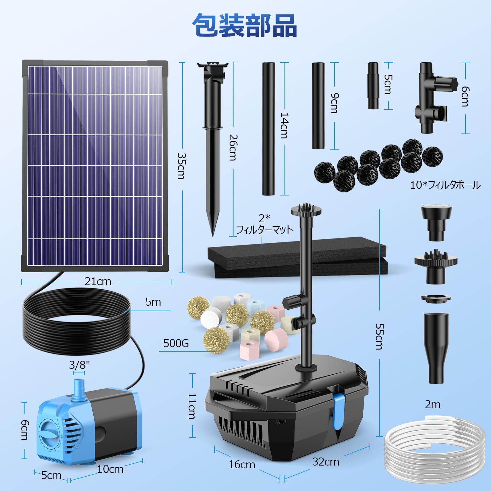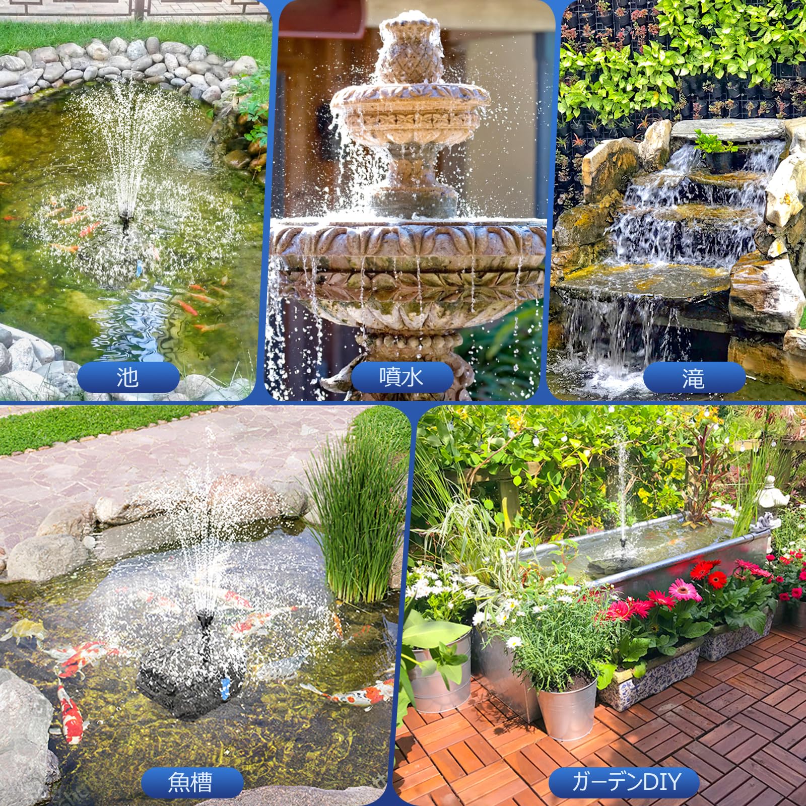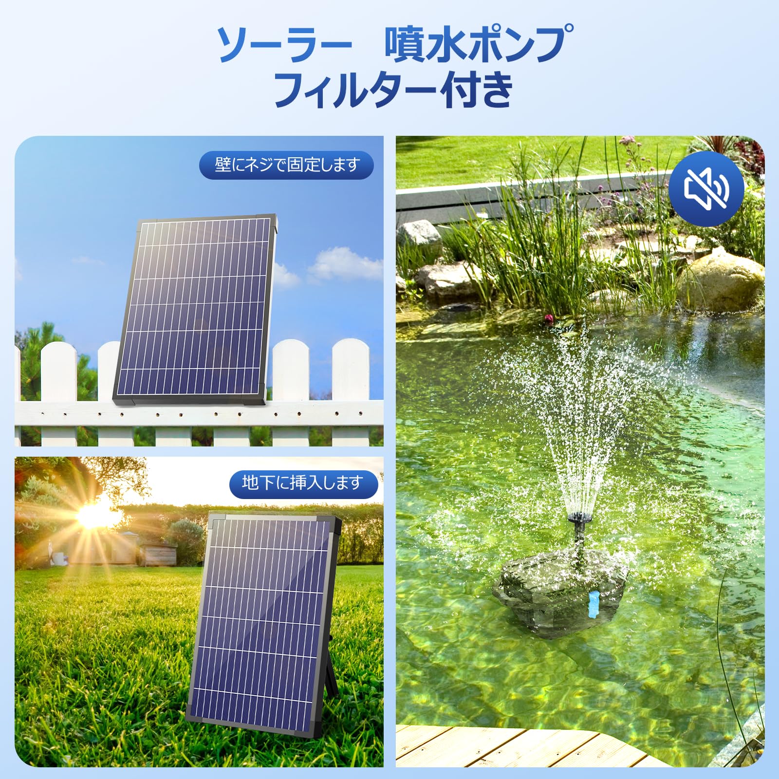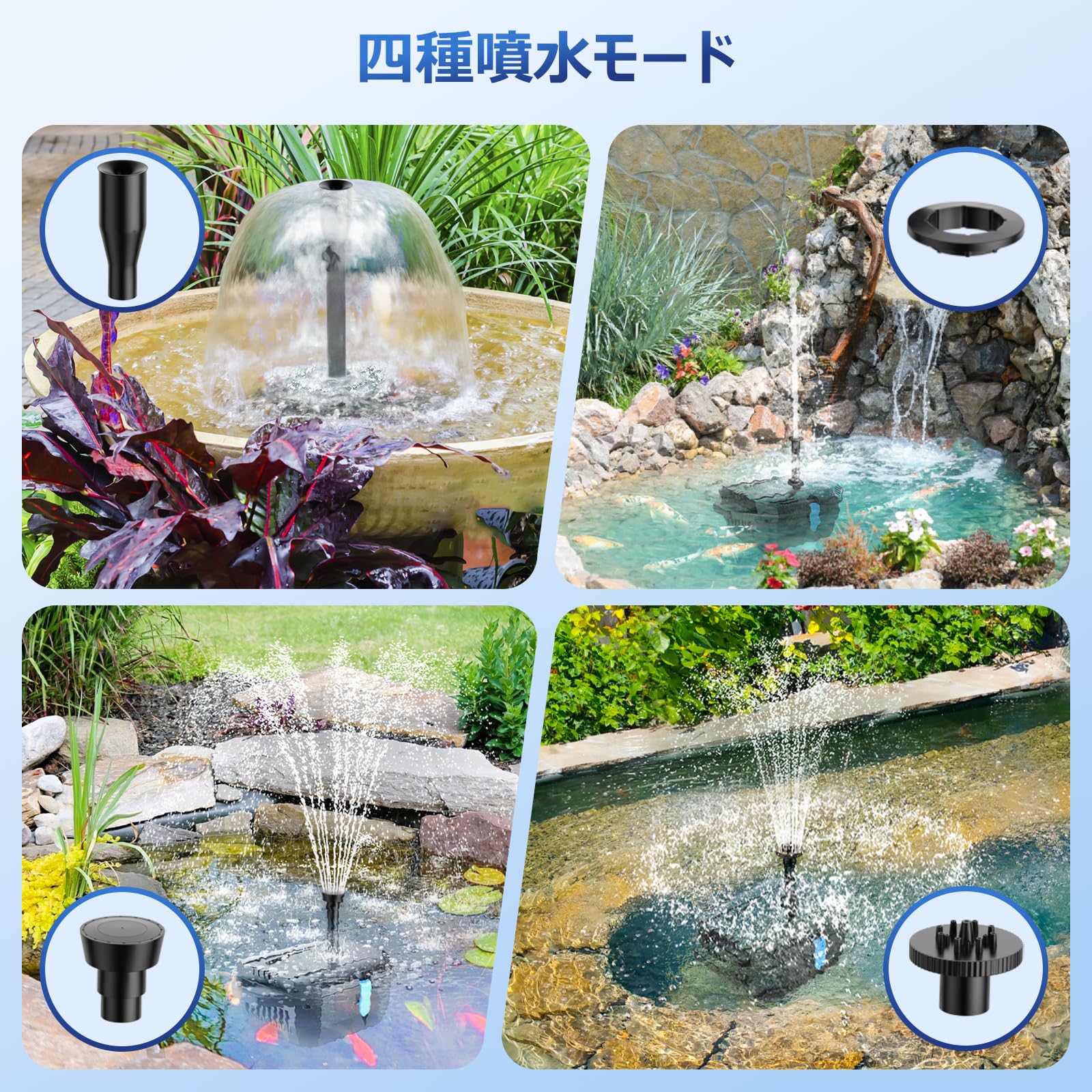 Biling ソーラー噴水ポンプ 屋外 8W 太陽光発電 3000mAh内蔵電池 酸素供給 水循環 8種類ノズル付き 電気代0円 池 ビオトープ プール バードバス 水耕栽培 庭園装飾用
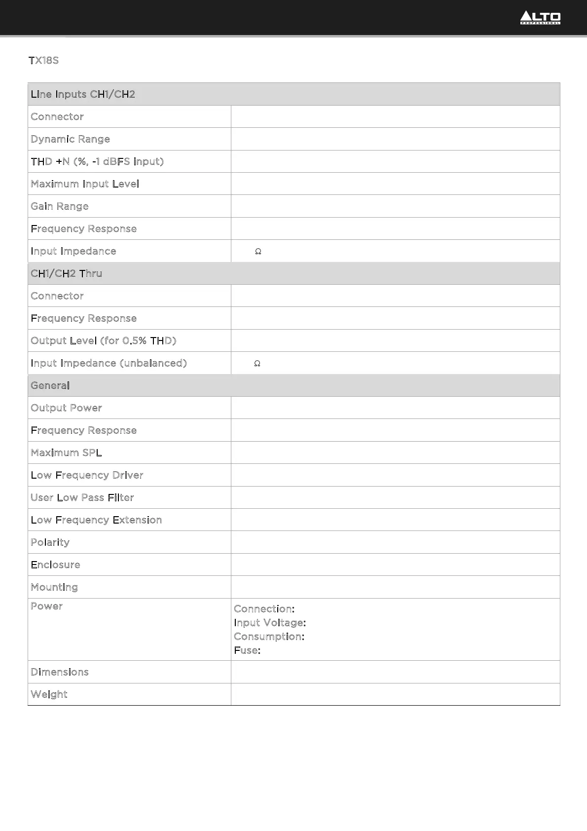 Bekijk gratis de handleiding van Alto TX12S, stel vragen en lees de antwoorden op veelvoorkomende problemen, of gebruik onze assistent om sneller informatie in de handleiding te vinden of uitleg te krijgen over specifieke functies.
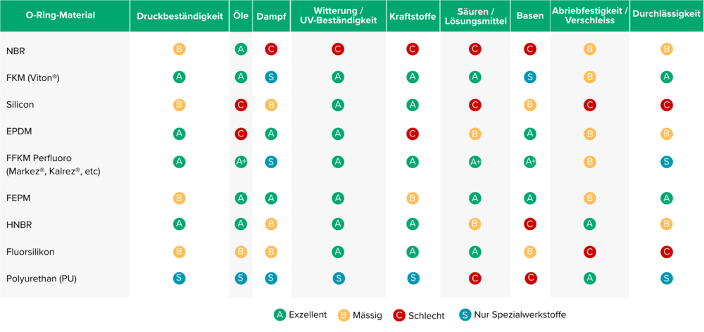 Damit ermöglicht diese Übersicht eine klare Auswahl des passenden O-Ring-Materials für den jeweiligen Einsatzfall.
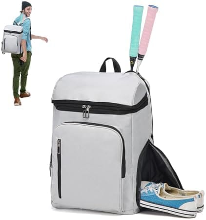 【Premium Oxford Cloth】This tennis racket backpack is made of Oxford fabric, solid splicing, durable and comfortable, both effectively prevent moisture in the backpack items, and prevent scratches. This racquet carrying bag’s adjustable breathable mesh shoulder strap reduces shoulder pressure. Our tennis backpack for men & women is very light, only 0.68kg, designed for outdoor sports, suitable for going to the tennis court or sports to carry.
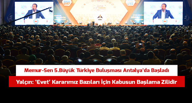Memur-Sen 5. Büyük Türkiye Buluşması Antalya’da büyük coşkuyla başladı. Programda konuşan Memur-Sen Genel Başkanı Ali Yalçın, “. ‘Evet’e irtifa kaybettirme telaşıyla görsel efektlerle kazandıkları itibarlarını kaybettiler. ‘Evet’i engelleme mücadelesinde de kaybedecekler. Artık tilkinin vaazını dinlerken tavuklarını yitiren Eski Türkiye’yi kaybettiklerini bellediler. Yeni Türkiye’nin kuruluşuna engel olalım derken, AB’nin çöküşünü, yıkılışını hızlandırma butonuna bastılar. Bizim kararlılığımız, Tercih ‘Evet’ kararımız onlar için kâbusun başlama zilidir” dedi.
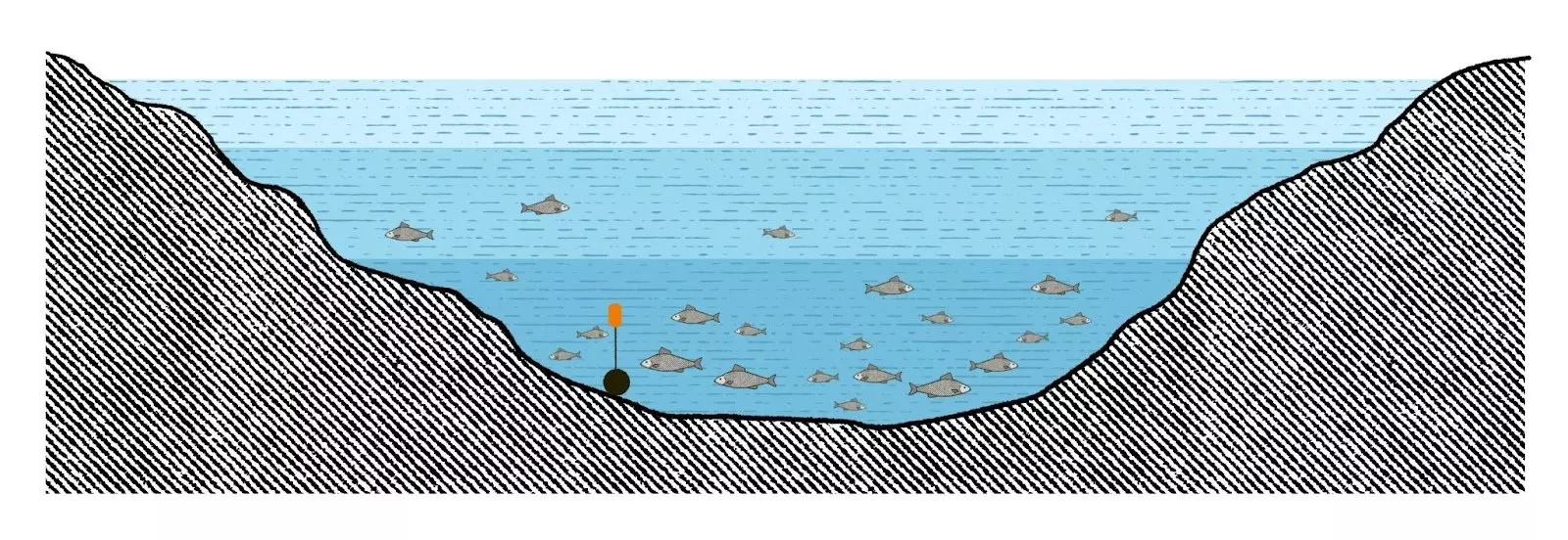Zig-rig基本信息 Zig-rig 不同天气条件会导致水温变化。在低温环境下,鲤鱼会游到被阳光晒暖的上层水域和水面层。这种情况下,使用Zig-rig装备能获得最佳效果。Zig-rig使用特殊的漂浮泡沫作为诱饵,凭借其浮力,能轻松将诱饵呈现于子线设定的深度。为了在水体中搜索鲤鱼,最有效的方法是使用多根不同子线长度的鱼竿,例如以30厘米或50厘米为增量。这能提高诱饵在鲤鱼最活跃的正确深度出现的可能性。但即使在正常天气条件下,Zig-rig钓组也可以成为传统底钓钓组的替代选择,尤其是在底部复杂的水域垂钓时,例如淤泥底或有水生植物的水底。此外,鲤鱼可能对彩色泡沫饵非常感兴趣,这种饵料与周围环境形成明显对比。 制作Zig-rig钓组的子线时,建议使用尼龙钓线。尼龙线具有正浮力,这对该钓组的设置极为重要。 1.水表区域

◆ WORK ORDER:
Where an entry contains an image, drop the image and copy everything else word for word.

◆ RESULT OF THE TASK:
 Biling ソーラー噴水ポンプ 屋外 8W 太陽光発電 3000mAh内蔵電池 酸素供給 水循環 8種類ノズル付き 電気代0円 池 ビオトープ プール バードバス 水耕栽培 庭園装飾用
 Bekijk gratis de handleiding van Alto TX12S, stel vragen en lees de antwoorden op veelvoorkomende problemen, of gebruik onze assistent om sneller informatie in de handleiding te vinden of uitleg te krijgen over specifieke functies.
 Damit ermöglicht diese Übersicht eine klare Auswahl des passenden O-Ring-Materials für den jeweiligen Einsatzfall.
 【Premium Oxford Cloth】This tennis racket backpack is made of Oxford fabric, solid splicing, durable and comfortable, both effectively prevent moisture in the backpack items, and prevent scratches. This racquet carrying bag’s adjustable breathable mesh shoulder strap reduces shoulder pressure. Our tennis backpack for men & women is very light, only 0.68kg, designed for outdoor sports, suitable for going to the tennis court or sports to carry.
Memur-Sen 5. Büyük Türkiye Buluşması Antalya’da büyük coşkuyla başladı. Programda konuşan Memur-Sen Genel Başkanı Ali Yalçın, “. ‘Evet’e irtifa kaybettirme telaşıyla görsel efektlerle kazandıkları itibarlarını kaybettiler. ‘Evet’i engelleme mücadelesinde de kaybedecekler. Artık tilkinin vaazını dinlerken tavuklarını yitiren Eski Türkiye’yi kaybettiklerini bellediler. Yeni Türkiye’nin kuruluşuna engel olalım derken, AB’nin çöküşünü, yıkılışını hızlandırma butonuna bastılar. Bizim kararlılığımız, Tercih ‘Evet’ kararımız onlar için kâbusun başlama zilidir” dedi.
Zig-rig基本信息 Zig-rig 不同天气条件会导致水温变化。在低温环境下,鲤鱼会游到被阳光晒暖的上层水域和水面层。这种情况下,使用Zig-rig装备能获得最佳效果。Zig-rig使用特殊的漂浮泡沫作为诱饵,凭借其浮力,能轻松将诱饵呈现于子线设定的深度。为了在水体中搜索鲤鱼,最有效的方法是使用多根不同子线长度的鱼竿,例如以30厘米或50厘米为增量。这能提高诱饵在鲤鱼最活跃的正确深度出现的可能性。但即使在正常天气条件下,Zig-rig钓组也可以成为传统底钓钓组的替代选择,尤其是在底部复杂的水域垂钓时,例如淤泥底或有水生植物的水底。此外,鲤鱼可能对彩色泡沫饵非常感兴趣,这种饵料与周围环境形成明显对比。 制作Zig-rig钓组的子线时,建议使用尼龙钓线。尼龙线具有正浮力,这对该钓组的设置极为重要。 1.水表区域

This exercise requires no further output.